- _SOURCE MATERIAL_
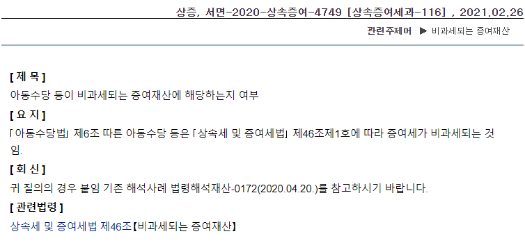 여기서 아동수당은 비과세 되는 증여 재산중 국가나 지방자치단체로부터 증여받은 재산의 가액에 포함되어 증여재산으로 보지 않는 것이다.
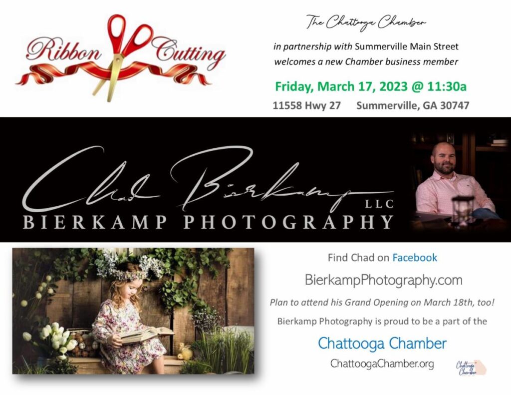 The Chattooga Chamber and Summerville Main Street invite the public to a ribbon cutting next Friday, March 17th at Bierkamp Photography, 11558 Highway 27 in Summerville. The ribbon cutting will be held at 11:30 AM. You can find out more about Bierkamp Photography on their Facebook Page. Bierkamp Photography will also be hosting a Grand Opening on Saturday March 18th.
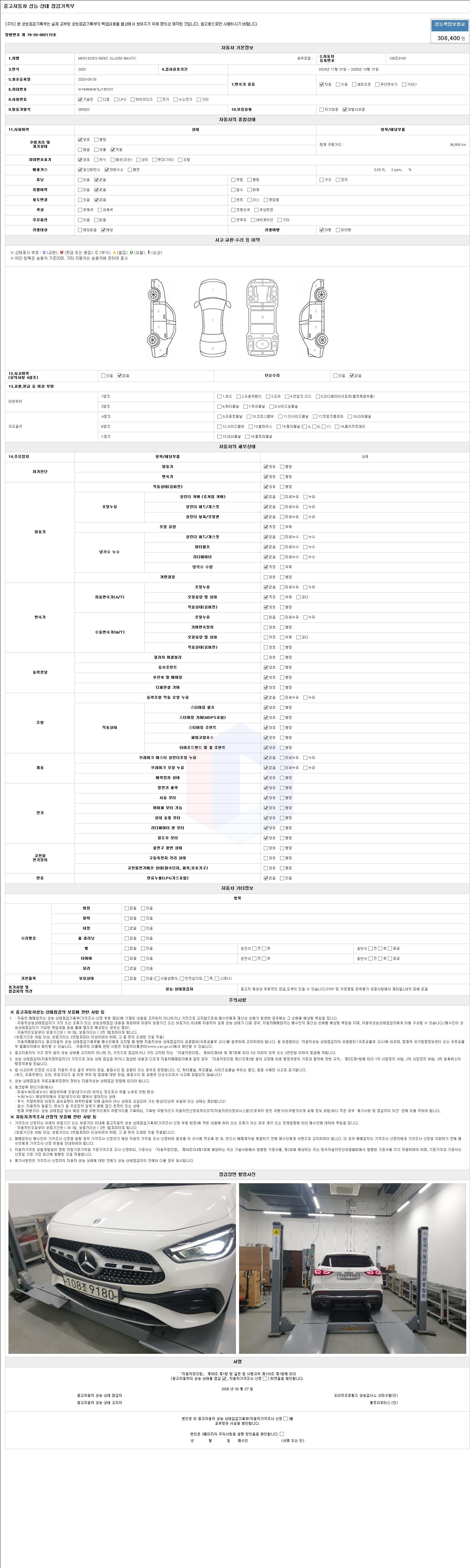 자동차관리법 시행규칙 제120조의 규정에 따라 별지 제 82호서식 《중고자동차 성능, 상태점검 기록부》를 발행한 성능, 상태점검자 및 매매자는 아래의 보증기간 또는 보증거리 이내의 중고자동차, 성능점검 기록부에 기재된 내용과 자동차의 실제 성능, 상태가 다른 경우 계약 또는 관계법령에 따라 매수인에 대하여 책임을 집니다.
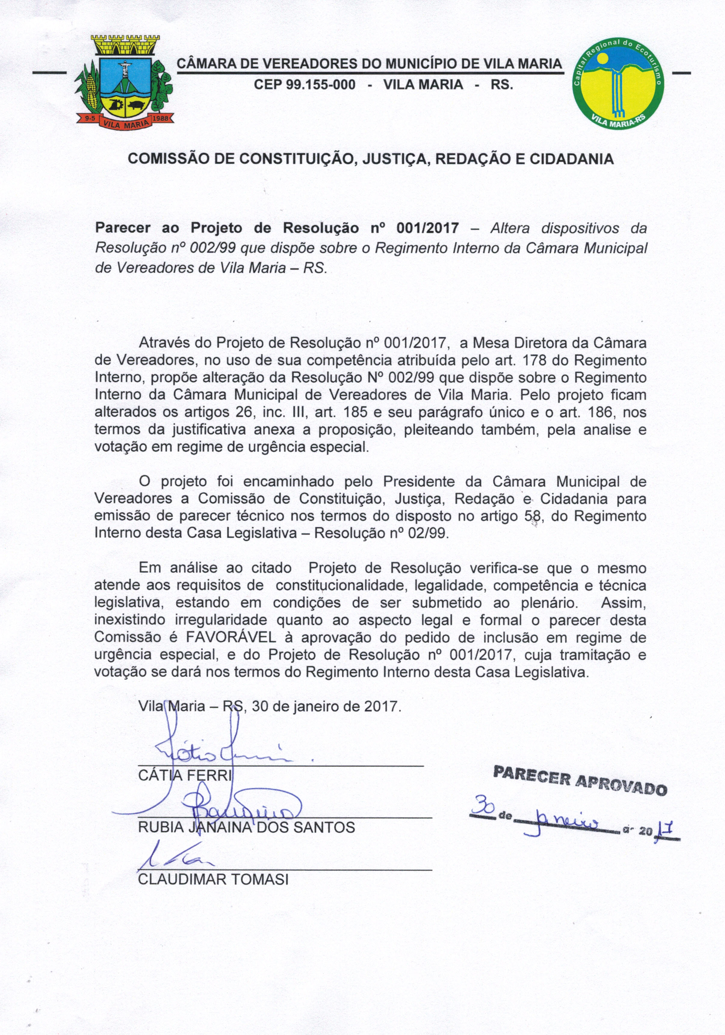 • O Parecer e o Projeto de Resolução 001/2017 foram aprovados pelos vereadores presentes na sessão do dia 30/01/2017.

- _PROMPT_
Set down the data above verbatim, omitting every image.

- _RESPONSE BOX_
 여기서 아동수당은 비과세 되는 증여 재산중 국가나 지방자치단체로부터 증여받은 재산의 가액에 포함되어 증여재산으로 보지 않는 것이다.
 The Chattooga Chamber and Summerville Main Street invite the public to a ribbon cutting next Friday, March 17th at Bierkamp Photography, 11558 Highway 27 in Summerville. The ribbon cutting will be held at 11:30 AM. You can find out more about Bierkamp Photography on their Facebook Page. Bierkamp Photography will also be hosting a Grand Opening on Saturday March 18th.
 자동차관리법 시행규칙 제120조의 규정에 따라 별지 제 82호서식 《중고자동차 성능, 상태점검 기록부》를 발행한 성능, 상태점검자 및 매매자는 아래의 보증기간 또는 보증거리 이내의 중고자동차, 성능점검 기록부에 기재된 내용과 자동차의 실제 성능, 상태가 다른 경우 계약 또는 관계법령에 따라 매수인에 대하여 책임을 집니다.
 • O Parecer e o Projeto de Resolução 001/2017 foram aprovados pelos vereadores presentes na sessão do dia 30/01/2017.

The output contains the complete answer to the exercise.